We provide IT Staff Augmentation Services!

Hadoop Developer Resume

Sanjose, CA


  • Professional Software developer with 4.5+ years of technical expertise in all phases of Software development cycle (SDLC), in various Industrial sectors expertizing in Big Data analyzing Frameworks and ETL Tools.
  • 3+ years of industrial experience in Big Data analytics, Data manipulation, using Hadoop Eco system tools Map - Reduce, HDFS, Yarn/MRv2, Pig, Hive, HDFS, Spark, Flume, Sqoop, Avro, Sqoop, AWS and Zookeeper.
  • Extraordinary Understanding of Hadoop building and Hands on involvement with Hadoop segments such as YARN, Name Node, Data Node and HDFS Framework.

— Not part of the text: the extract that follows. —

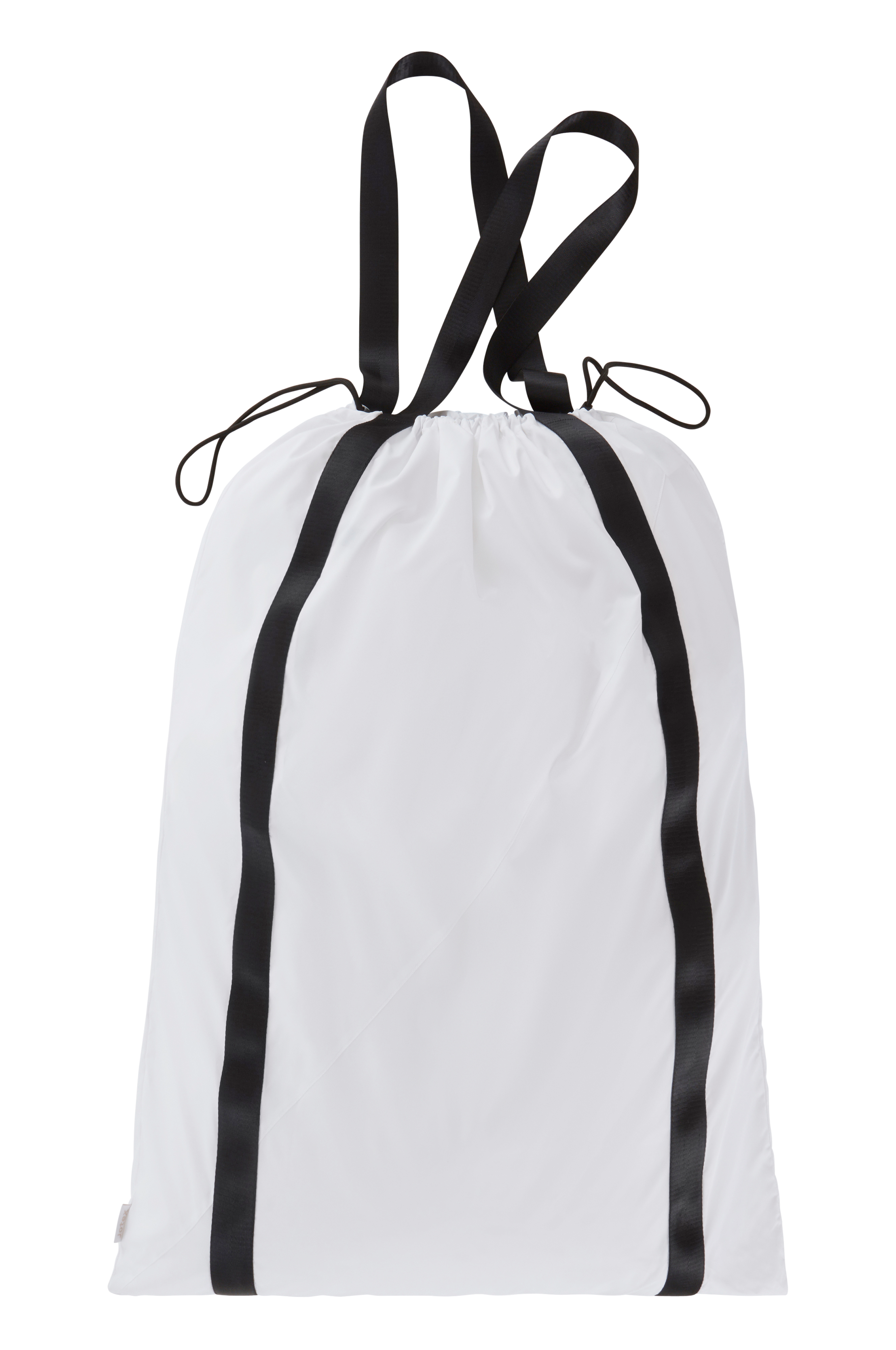 Tvättpåse av polyamid varav hälften kommer från återvunnet material. Den är vattenavvisande genom en för miljön bättre behandling. Den har handtag så den är lätt att bära till tvättstugan eller ha med på resan och stängning sker med dragsko.

  • Capable of processing large sets of structured, semi-structured and unstructured data and supporting systems application architecture.
  • Developed Customized UDFs and UDAF’s in java to extend HIVE’s core functionality.

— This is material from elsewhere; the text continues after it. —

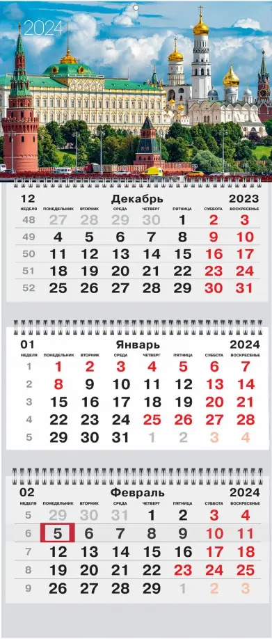 Классический квартальный календарь "Государственная символика" на 2024 год Эксмо - неизменный атрибут любого офиса, предприятия и дома, который позволяет вести учет рабочего времени, рассчитывать дни отпуска, а также планировать и реализовывать различные цели и бизнес-задачи. Календарь большого размера (305мм*680мм), состоит из трех блоков на евроспиралях, каждый блок - это отдельный месяц, который позволяет без перелистывания видеть даты предыдущего и будущего месяца и вести среднесрочное планирование в рамках квартала (3 месяца). Яркий указатель - бегунок не даст потеряться важным датам, а металлическое крепление в верхней части календаря - пикколо облегчает крепление к стене и защищает само отверстие от повреждений. Модель календаря с изображением главных символов государства, на постере, станет отличным дополнением к деловому подарку, который подчеркнет важность и статусность обладателя. Календарь поставляется в индивидуальной упаковке.

  • Created Hive tables to store structured data into HDFS and processed it using HiveQL.
  • Extensively worked on Spark using Scala on cluster for computational (analytics), installed it on top of Hadoop performed advanced analytical application by making use of Spark with Hive and SQL/Oracle.
  • Experience in using D-Streams, Accumulator, Broadcast variables, RDD caching for Spark Streaming.

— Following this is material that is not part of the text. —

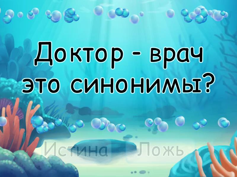 Истина: Доктор - врач это синонимы?, Быстро - медленно это антонимы?, Ручка - ручка это омонимы?, День - ночь это антонимы? , Недруг - враг это синонимы? , Ложь: Красный - алый это антонимы?, Старый - новый это синонимы?, Веселый - грустный это синонимы?,

  • Hands on experience in developing SPARK applications using Spark tools like RDD transformations, Spark core, Spark MLlib, Spark Streaming and Spark SQL.
  • Extensive knowledge of AWS cloud infrastructure - RDS, Redshift, DynamoDB, EC2, EMR, Route53, CloudWatch, Lambda and IAM.
  • Working knowledge of Amazon’s Elastic Cloud Compute (EC2) infrastructure for computational tasks and Simple Storage Service (S3) as Storage mechanism.
  • Having strong Testing and Debugging skills with exposure to complete software development life cycle from requirements gathering to product release.
  • Good Experience in creating Business Intelligence solutions and designing ETL workflows using Tableau.
  • Excellent working experience in Scrum / Agile framework and Waterfall project execution methodologies.
  • Proven ability to manage all stages of project development Strong Problem Solving and Analytical skills and abilities to make Balanced & Independent Decisions.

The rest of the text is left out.